[GIVEN RECORDS Boundary: Start]
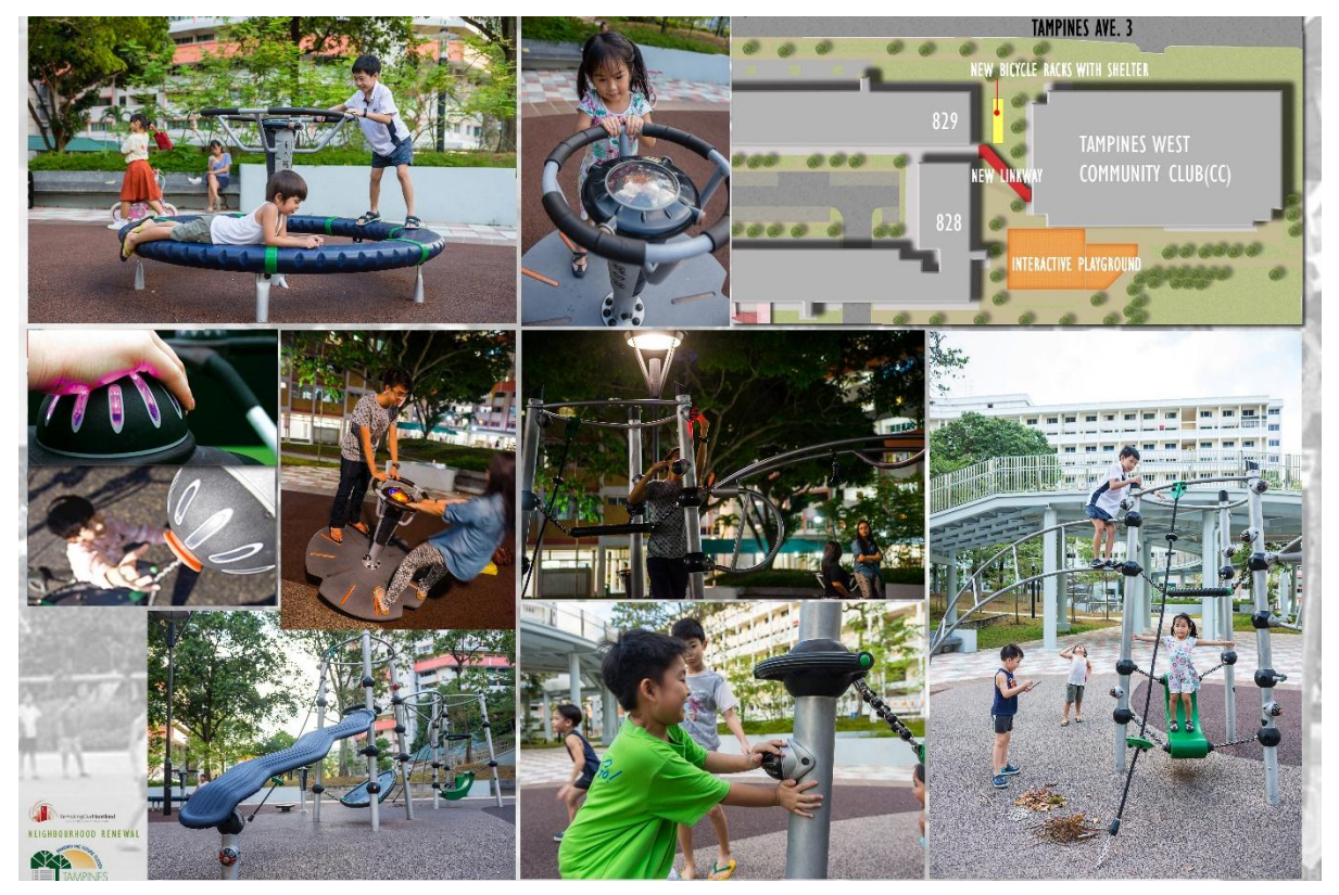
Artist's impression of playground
[GIVEN RECORDS Boundary: End]
[GIVEN RECORDS Boundary: Start]
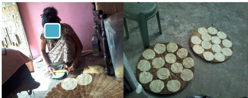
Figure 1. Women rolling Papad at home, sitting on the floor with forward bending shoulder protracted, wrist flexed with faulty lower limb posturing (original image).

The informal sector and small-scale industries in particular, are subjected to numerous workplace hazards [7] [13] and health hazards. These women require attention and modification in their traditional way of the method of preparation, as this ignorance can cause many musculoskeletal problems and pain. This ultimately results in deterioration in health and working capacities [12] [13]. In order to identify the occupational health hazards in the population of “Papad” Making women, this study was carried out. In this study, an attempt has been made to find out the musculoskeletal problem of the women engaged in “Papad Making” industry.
[GIVEN RECORDS Boundary: End]
> **PROBLEM TO SOLVE**:
All lines of the records containing "Papad" should be shown.

> **ANSWER TO THIS TASK**:
Figure 1. Women rolling Papad at home, sitting on the floor with forward bending shoulder protracted, wrist flexed with faulty lower limb posturing (original image).
The informal sector and small-scale industries in particular, are subjected to numerous workplace hazards [7] [13] and health hazards. These women require attention and modification in their traditional way of the method of preparation, as this ignorance can cause many musculoskeletal problems and pain. This ultimately results in deterioration in health and working capacities [12] [13]. In order to identify the occupational health hazards in the population of “Papad” Making women, this study was carried out. In this study, an attempt has been made to find out the musculoskeletal problem of the women engaged in “Papad Making” industry.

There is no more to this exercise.